We can well understand why modern pagan society has a problem with the concept of justice. In the humanist frame, where man is the ultimate reality and nothing human is foreign, that which is seen as evil can have no higher or deeper warrant than current public prejudice or preference. Moreover, distinguishing coherently between what is evil and what should be regarded as a crime is impossible. While all crimes are by definition evil, not all evils are crimes. Pagan man has no reference point to make the distinction. Modern society can rise no higher than "it is bad because we say so." Therefore, it is completely understandable that modern pagan society would downplay or ignore justice as a fundamental driver of the prison institution and prison policy. In the modern world, justice is a completely relative and plastic notion. It is only a connotation, a feeling, a hunch, a popular opinion.

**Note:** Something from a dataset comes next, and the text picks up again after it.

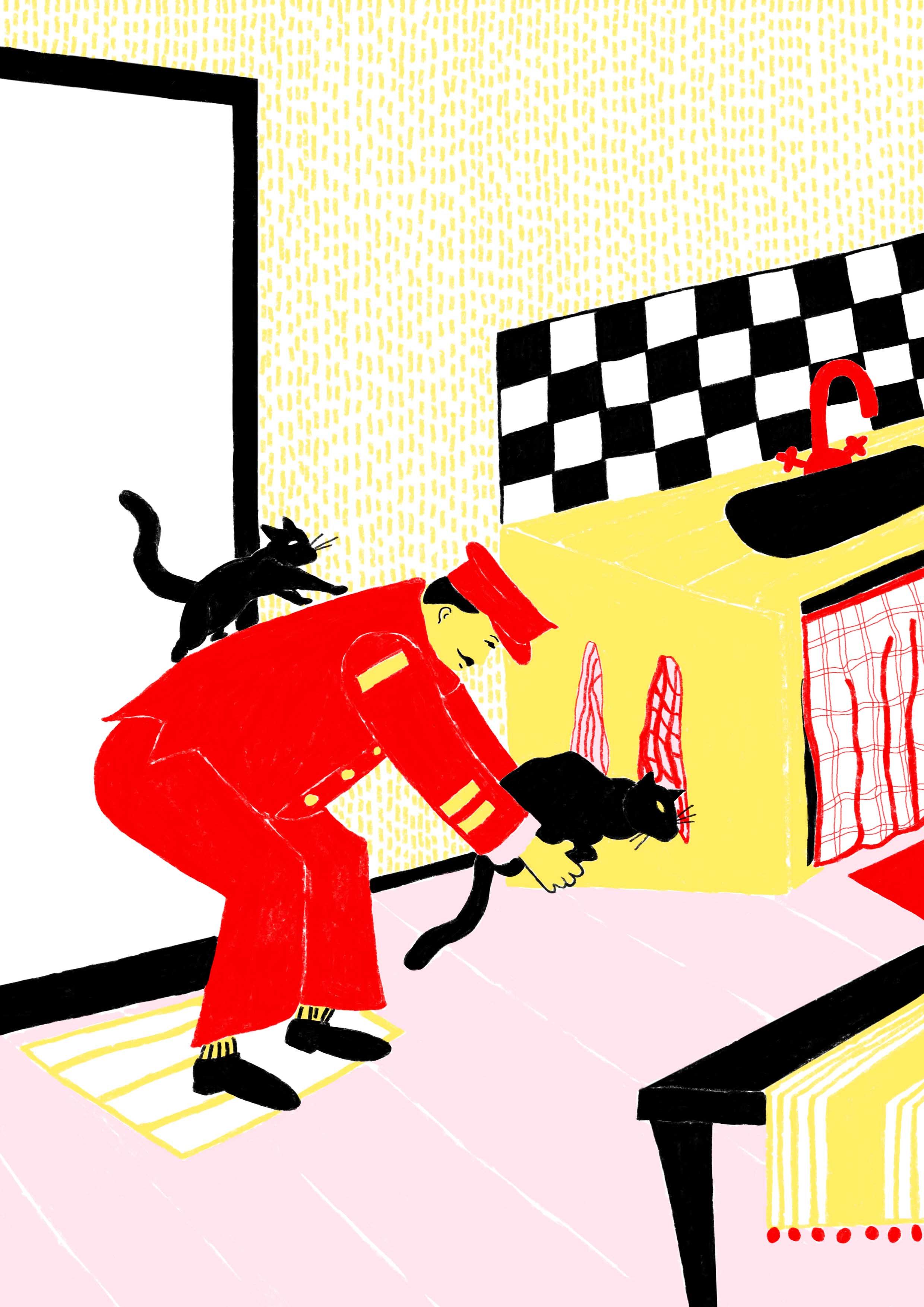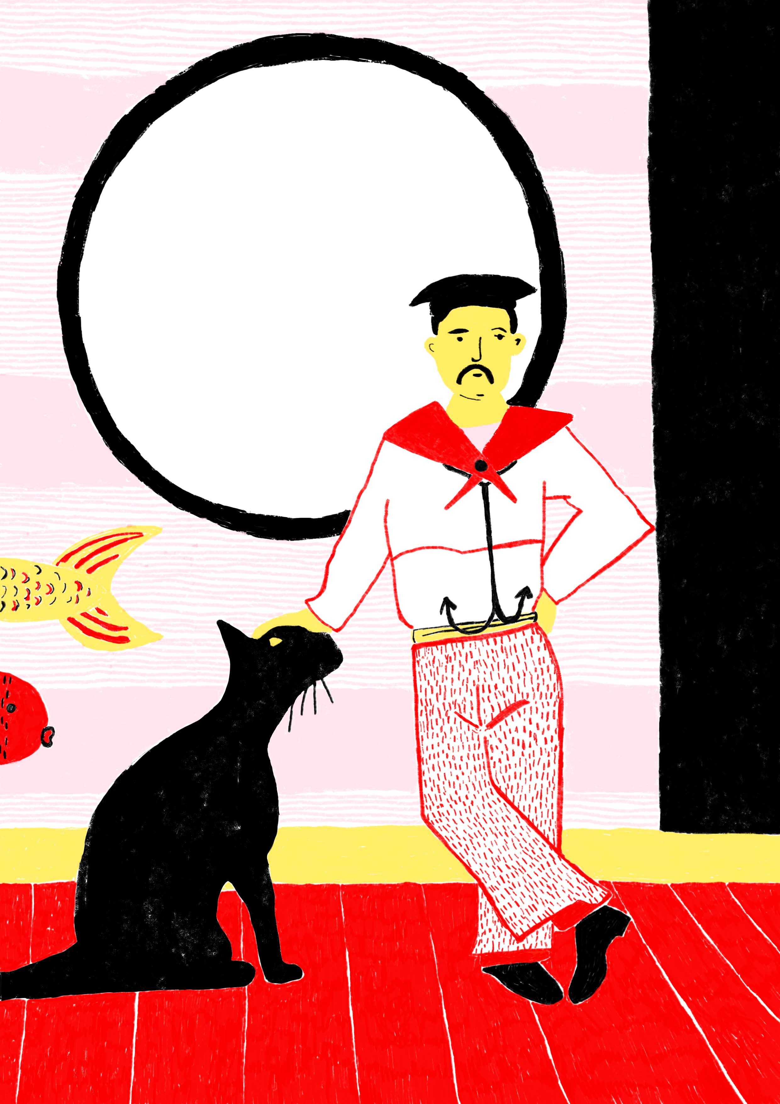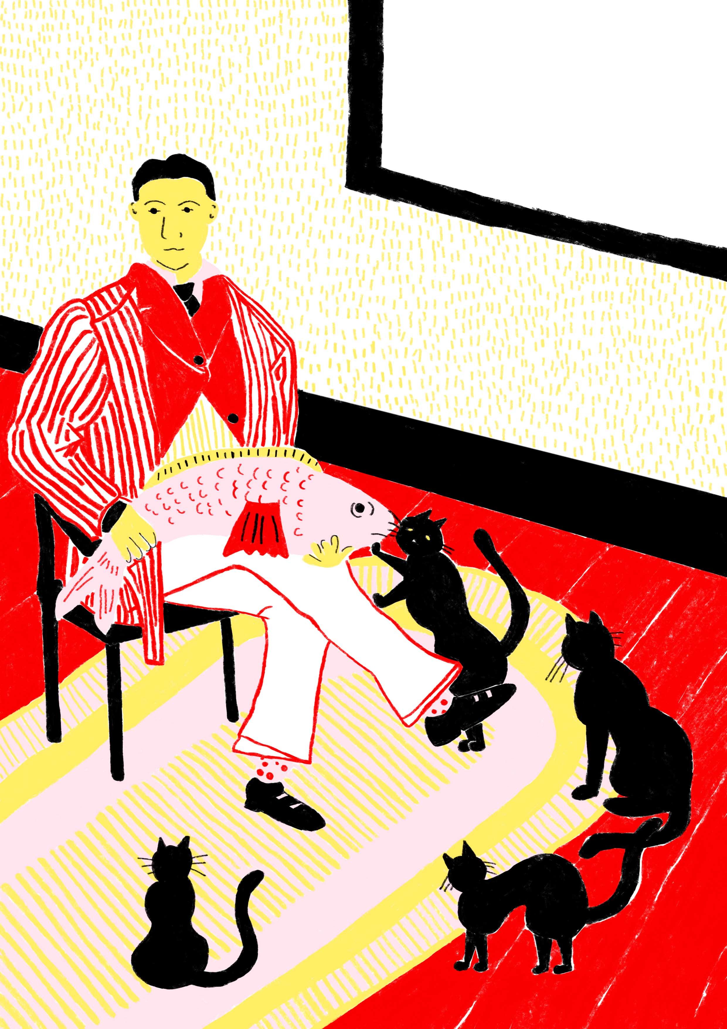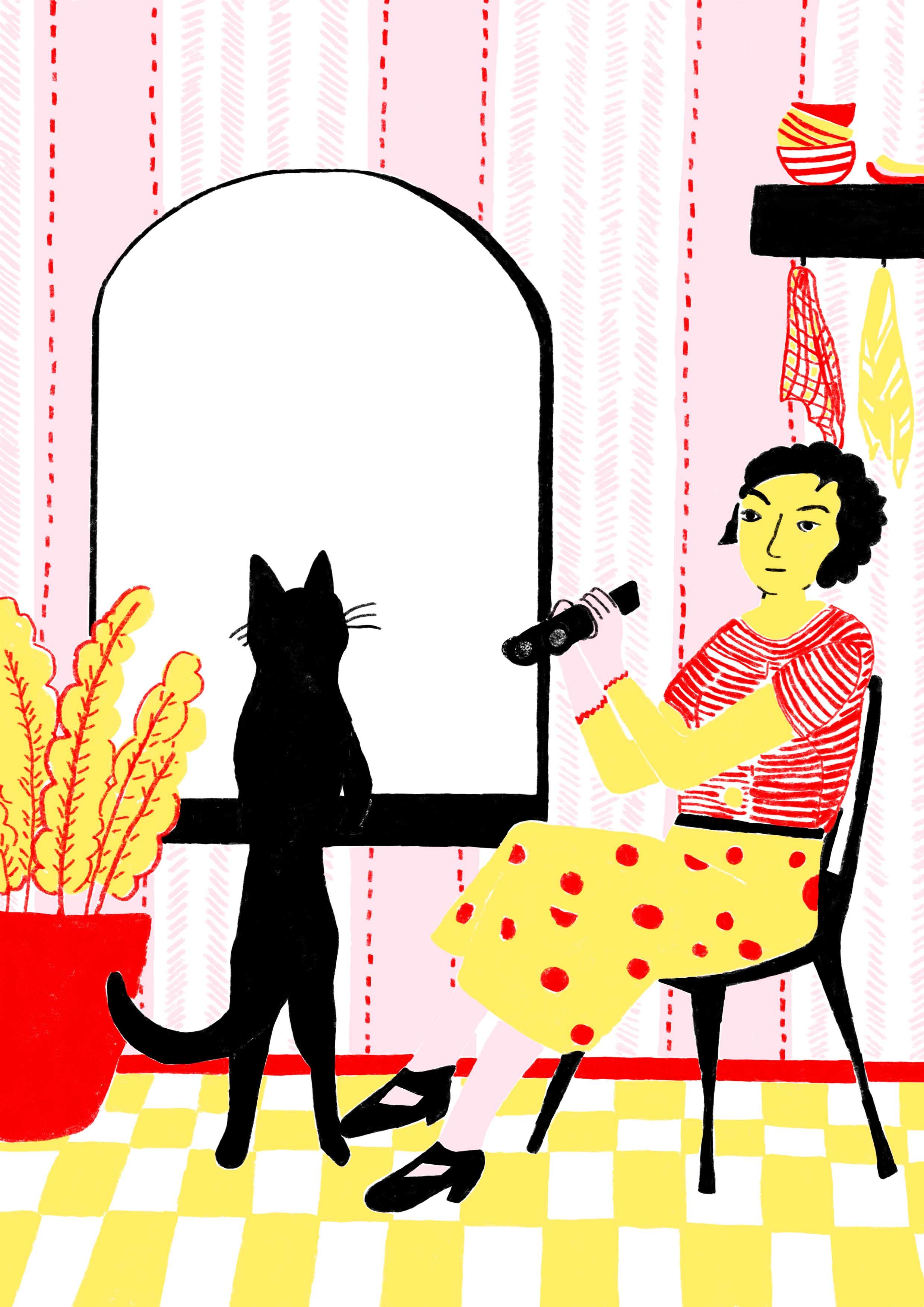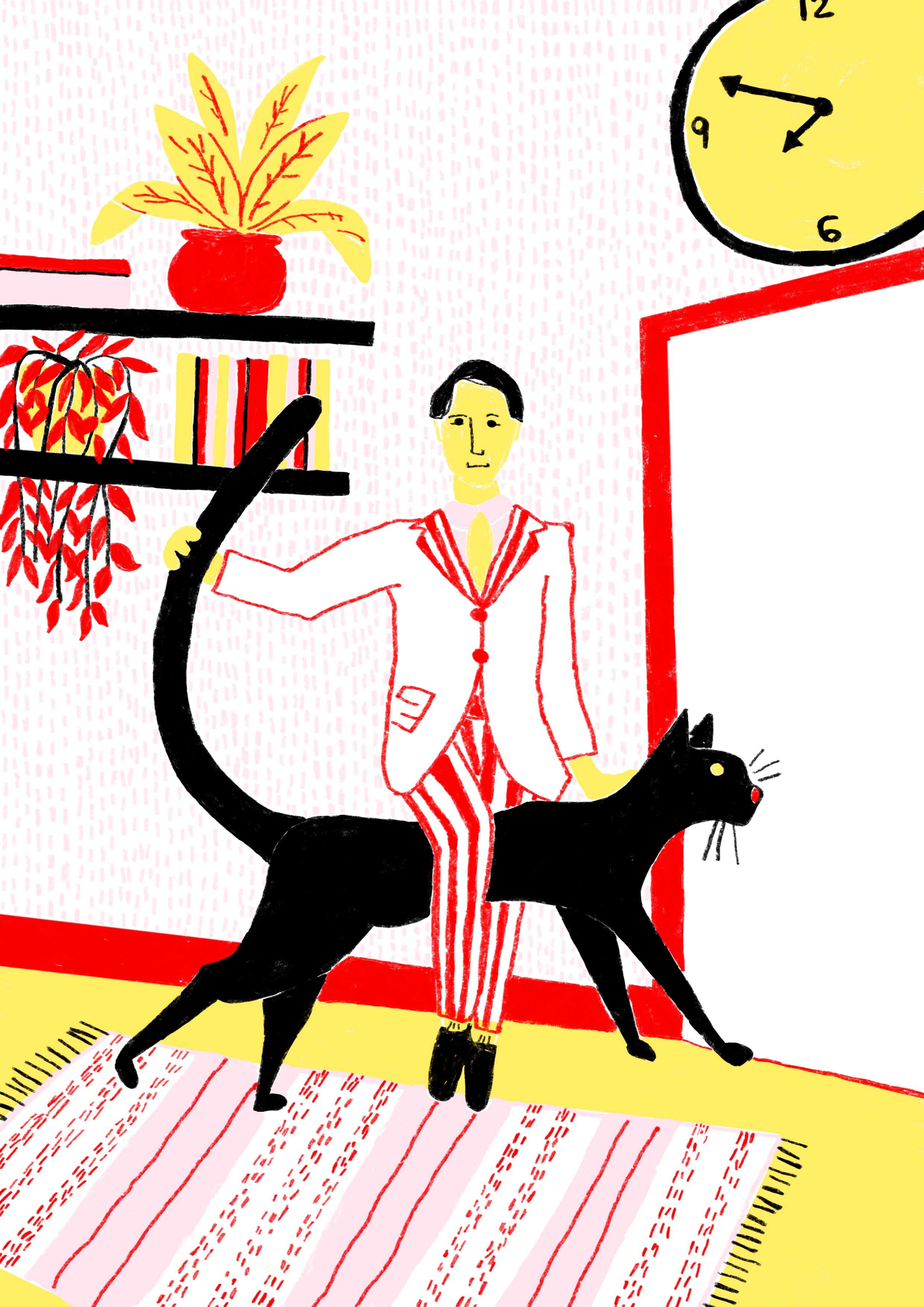 The first four lives were submitted for #IllustrationGym, a course by Santiago Solís Montes de Oca. They were drawn with pencils on paper and you can see the 4 original drawings here >>. As I continued with the series, I wanted to make reproduction prints too, so I started re-drawing the images in Photoshop. For more information about the series or prints, visit here >>

But Jerusalem is different. For Jerusalem, justice is meaningful and has definitive denotation because the Living God alone is the Judge. Judgement belongs to Him. Vengeance against evil belongs to Him. Not all evils are punished in this life. Justice in this life is very important, but is limited, prescribed, and proscribed. Justice within Jerusalem is focused far more upon the victim than the criminal, because vengeance and just retribution belong to God and His jealous actions, not to man. God's justice will not be finally revealed or executed until that final Day--but none will escape His assizes. Every thought, word, and deed of every human being will be judged with infallible knowledge and terrible retribution against evil on that Day.
Therefore, in this life and prior to that Day, ensuring that the criminal gets his just desserts is not a fundamental driver of the administration of justice. But ensuring that the criminal is made to restitute those he has harmed is a proper and approriate focus and emphasis of justice in this life. If the victim is not restituted, justice has not been done. This is justice within Jerusalem.
So, now we come to the most important and fundamental question with respect to the prison system: how does the modern prison system facilitate and achieve criminals restituting victims of their crime? It simply does not. Therefore, we conclude that the modern humanist prison system is not just fundamentally flawed in a pragmatic sense, but it is prfoundly unjust. To that extent it is a wicked and evil system.